3. the design of internal standard gene primer, probe
Utilize Primer Primier5.0 and Beacon Designer2.0 software design Auele Specific Primer and probe at carnation internal standard gene.Primer makes their kinetic property similar during with probe design as far as possible, the principle of taking is mispairing does not take place, to reduce primer self and form each other the possibility of primer dimer as much as possible, select 3 ' end stability than the low primer of 5 ' end stability, the GC% of primer is 40%~65%, the Tm value is at 50 ℃~65 ℃, and the Tm value of probe should be higher than about 10 ℃ of the Tm value of primer in addition.Select suitable primer and probe according to mentioned above principle, suitably make amendment in case of necessity, see Table 1.
Table 1. qualitative and quantitative PCR reaction primer and probe
Figure G2009102502181D0000081
4. the qualitative detection of internal standard gene is identified
1) non-specific evaluation in the internal standard gene kind
Non-specific evaluation in the ANS gene kind: with non-transgenic kind samba; Kaman; smiling face; the rural area; fawn on ma; oriental cherry; the Maas spy; red sleeve; Bai Xue; illusion; flame; free; blue high official; woman's genomic dna is the PCR reaction template; select for use corresponding ANS-F1/ANS-R1 primer to carrying out pcr amplification reaction; its PCR reaction conditions is that 94 ℃ of pre-sex change are after 5 minutes; enter the PCR reaction cycle: 94 ℃ of sex change 30 seconds; annealed 45 seconds for 56 ℃; 72 ℃ were extended 45 seconds: carry out 35 circulations altogether: last; 72 ℃ are extended end after 5 minutes, draw 10 μ l products after reaction finishes and carry out electrophoresis detection on 2% agarose.
2) specificity is identified between internal standard gene kind
Specificity is identified between ANS gene kind: get common Chinese rose of cut flower, petunia, chrysanthemum, lily, gladiolus, African chrysanthemum, Common Snapdragon, common other plant rape, corn, paddy rice, soybean, wheat, barley, the genomic dna of plants such as Arabidopis thaliana is the PCR reaction template, select for use corresponding ANS-F1/ANS-R1 primer to carrying out pcr amplification reaction. its PCR reaction conditions is that 94 pre-sex change are after 5 minutes, enter the PCR reaction cycle: 94 ℃ of sex change 30 seconds, annealed 45 seconds for 56 ℃, 72 ℃ were extended 45 seconds: carry out 35 circulations altogether: last, 72 ℃ are extended end after 5 minutes, draw 10 μ l products after reaction finishes and carry out electrophoresis detection on 2% agarose.

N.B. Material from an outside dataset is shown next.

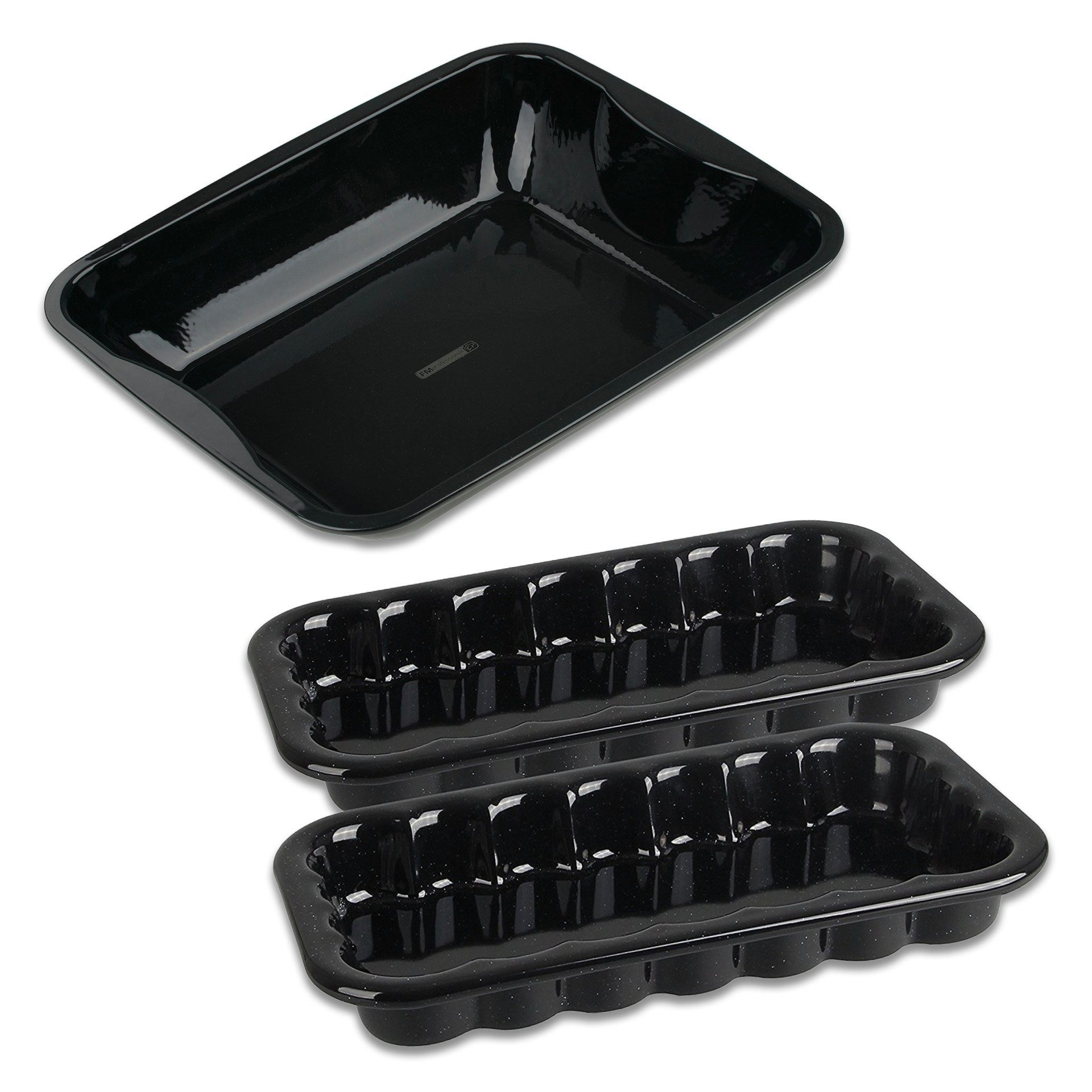 Das FMprofessional XXL Bräter und Grillschalen Set ist ein unverzichtbares Küchenwerkzeug für jeden, der gerne kocht und Wert auf Qualität und Funktionalität legt. Hergestellt aus hochwertiger Emaille, bietet es eine außerordentliche Widerstandsfähigkeit gegen hohe Temperaturen bis zu 400°C sowie gegen Schnitte und Säure, was es zu einem langlebigen Begleiter in deiner Küche macht.

5. the detection by quantitative of internal standard gene is identified
1) optimization of quantitative reaction system is set up
In order to obtain the quantitative PCR reactive system of efficient and sensible, we have designed different primer concentration and probe concentration, and (the primer starting point concentration is 25pM, the probe starting point concentration is 10pM) the quantitative PCR reaction system of ratio, by identical quantitative PCR reaction conditions, the screening fluorescent value rises very fast, and the system of the strong and reaction good reproducibility of fluorescent signal is as the reaction system of detection by quantitative.
2) non-specific evaluation in the ANS kind: with non-transgenic kind samba, Kaman, smiling face, rural area, charming ma, oriental cherry, Maas spy, red sleeve, white snow, illusion, flame, freedom, blue high official, woman's genomic dna is the PCR reaction template; select for use corresponding ANS-F2/ANS-R2 primer to carry out pcr amplification reaction to carrying out quantitative pcr amplification reaction according to the reaction system of optimizing with ANS-Probe. its PCR reaction conditions is that 94 ℃ of pre-sex change are after 5 minutes; enter two-step approach PCR reaction cycle: 94 ℃ 15 seconds, 60 ℃ 45 seconds: carry out 45 circulations altogether.
3) specificity is identified between internal standard gene kind
Specificity is identified between ANS gene kind: get common Chinese rose of cut flower, petunia, chrysanthemum, lily, gladiolus, African chrysanthemum, Common Snapdragon, the genomic dna of plants such as common other plant rape, corn, paddy rice, soybean, wheat, barley, Arabidopis thaliana is the PCR reaction template, selects for use corresponding ANS-F2/ANS-R2 primer to carry out pcr amplification reaction to carrying out quantitative pcr amplification reaction with ANS-Probe according to the reaction system of optimizing.Its PCR reaction conditions is 94 ℃ of pre-sex change after 5 minutes, enters two-step approach PCR reaction cycle: 94 ℃ 15 seconds, 60 ℃ 45 seconds: carry out 45 circulations altogether.
6. internal standard gene qualitative and quantitative analysis sensitivity and tolerance range experiment
1) internal standard gene qualitative detection sensitivity
ANS qualitative PCR detection sensitivity: non-transgenic carnation DNA is following concentration with the TE dilution:, 50,5,0.5,0.05,0.005,0.0005ng/ μ l, 1 μ l is got in each qualitative PCR reaction, makes the dna content in the reaction be respectively 50,5,0.5,0.05,0.005,0.0005ng.Utilize corresponding ANS-F1/ANS-R1 primer that the reaction conditions with qualitative evaluation is carried out the PCR reaction, reaction finishes back absorption 10 μ l products and carry out electrophoresis detection on 2% agarose.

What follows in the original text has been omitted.